The height of Englander’s brilliance is that even the reader is denied the objective truth – whether Pato is alive or dead – although he introduces a pivotal character, a “disappeared” girl who occupies the dungeon cot that had been Pato’s and finds his wadded-up notes hidden in the bedding, and so knows at least portions of Pato’s fate. Yet Englander does not share the notes, and, in fact, writes with pointed nonchalance directly to the reader:

An obvious omission. It’s fair to wonder about the contents of those notes. It’s true that the girl got to read them and memorize them and swallow them down. It wouldn’t be right, though, to share Pato’s message when neither Kaddish nor Lillian will hear it, when neither parent will learn that those notes ever were.
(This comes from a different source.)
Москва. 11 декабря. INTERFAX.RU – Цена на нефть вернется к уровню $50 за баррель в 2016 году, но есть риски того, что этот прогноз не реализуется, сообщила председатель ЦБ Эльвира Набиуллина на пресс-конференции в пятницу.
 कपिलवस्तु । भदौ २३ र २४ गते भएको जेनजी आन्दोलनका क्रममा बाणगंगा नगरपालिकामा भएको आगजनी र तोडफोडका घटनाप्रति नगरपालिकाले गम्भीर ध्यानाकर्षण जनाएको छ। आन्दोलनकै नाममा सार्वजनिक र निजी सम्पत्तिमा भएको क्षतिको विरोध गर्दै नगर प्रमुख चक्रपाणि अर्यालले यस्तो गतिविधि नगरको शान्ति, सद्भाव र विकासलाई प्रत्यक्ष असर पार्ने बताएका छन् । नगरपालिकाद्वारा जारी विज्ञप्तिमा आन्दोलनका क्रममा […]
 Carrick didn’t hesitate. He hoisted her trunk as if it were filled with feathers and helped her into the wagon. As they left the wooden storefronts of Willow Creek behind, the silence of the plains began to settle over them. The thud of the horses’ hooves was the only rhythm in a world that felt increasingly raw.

The objective truth behind which to unite is wrested from the reader, as it is denied Lillian and Kaddish, even as its possibility is dangled before us.
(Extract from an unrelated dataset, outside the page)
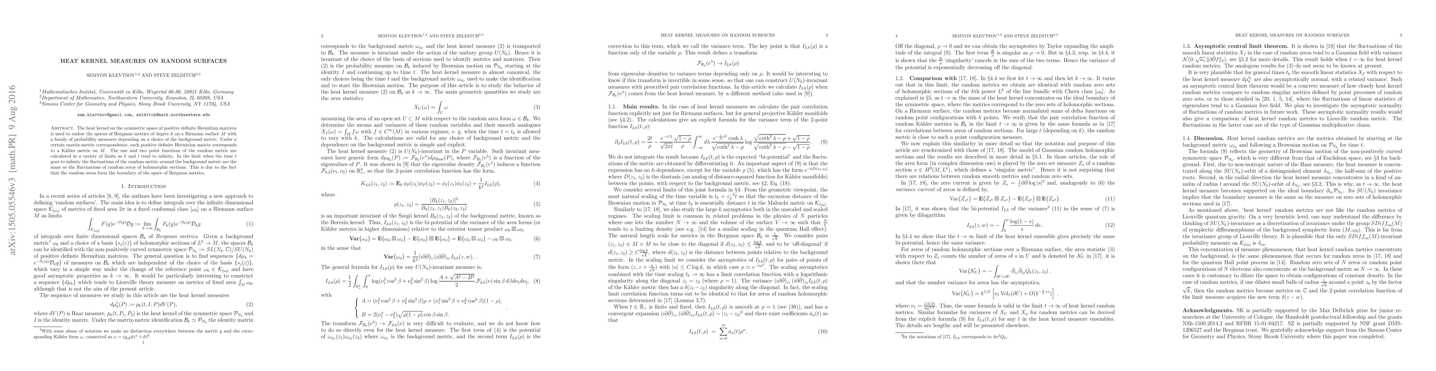 The heat kernel on the symmetric space of positive definite Hermitian matrices is used to endow the spaces of Bergman metrics of degree k on a Riemann surface M with a family of probability measures depending on a choice of the background metric. Under a certain matrix-metric correspondence, each positive definite Hermitian matrix corresponds to a Kahler metric on M. The one and two point functions of the random metric are calculated in a variety of limits as k and t tend to infinity. In the limit when the time t goes to infinity the fluctuations of the random metric around the background metric are the same as the fluctuations of random zeros of holomorphic sections. This is due to the fact that the random zeros form the boundary of the space of Bergman metrics.

Englander implies that we choose our truths based upon our identity which in turn is based on preexisting truths. And implicit in the statement “we choose our truths” is that the truths we choose may be lies. Both truth and identity are mutable, and it is this mutable nature of identity that the government exploits by manipulating the truths of our daily lives. That mutable nature is nowhere more poignant than in the breakdown of the identities of the “disappeared” themselves:
The girl does not yet know where she is or where she is headed. Where she came from has broken down and simplified itself only to before and now, above and below. That is, she does not connect herself to her name and her life, to her studies and her friends, to her family and her dog and the last book she read. The girl wouldn’t have guessed that in being disappeared she would find it easier, better, to disappear herself – complicit in her nonexistence. It is too much to be as was.
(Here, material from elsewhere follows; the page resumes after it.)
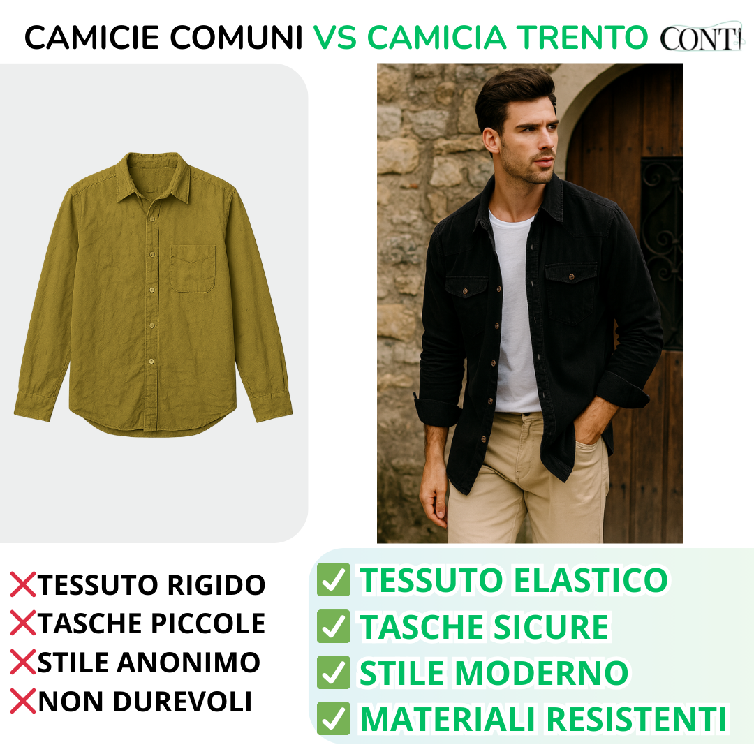 La differenza è evidente: mentre le camicie comuni sono rigide, anonime e poco resistenti, la Camicia Trento ti offre libertà di movimento, materiali robusti e uno stile moderno che dura nel tempo. Non è un capo qualunque, ma una scelta consapevole per chi vuole distinguersi ogni giorno.

Back to this malignant complicity in which not just society generally, but the disappeared themselves are forced to participate. A complicity that accepts truths as lies and lies as truths – and makes enemies of husband and wife as they find themselves on different sides. It is no coincidence that Englander (himself raised an Orthodox Jew) tells a story of Jews within this story of a nation’s abuses and its citizens’ passivity. Echoes of the very sensitive issue of Jewish complicity in the Holocaust can be heard. And, indeed, Lillian reminds the Jewish leader to whom she has gone for help, who accepts and even touts his impotence in negotiating with the government as a kind of power, that he is engaging in the “grand tradition of Jewish diplomacy: Never acknowledge catastrophe until it’s done.… Afterward you’ll raise up a tall building around it. You’ll enlist a great Jewish after-the-fact army to fight with all of hell’s fury over how it is to be remembered.” The universal truth is that lies, and acceptance of lies, engender impotence.

Universality is what makes Englander’s book important. In an interview (concerning Englander’s previously published short story collection For the Relief of Unbearable Urges) Englander said “I have no interest in a fiction that isn’t universal; if it’s not universal, then it’s not functioning…the stories are more about the setting facilitating the subtext than vice versa.”

While I agree and feel some connective assuagement in the existence of universals, this statement is also depressing. Does the fact that there will always be a setting in which truth is a victim of the human will to power, the human ability to treat others as abstractions or the justifiable means to a rationalized ends, mean that we will never get beyond the abuses and suffering of our past and present Argentinas, Germanies, Chinas, Darfurs, and, yes, even the United States? What will it take to refute the lies, to expose the Machiavellis, to find common ground and unite for the common good?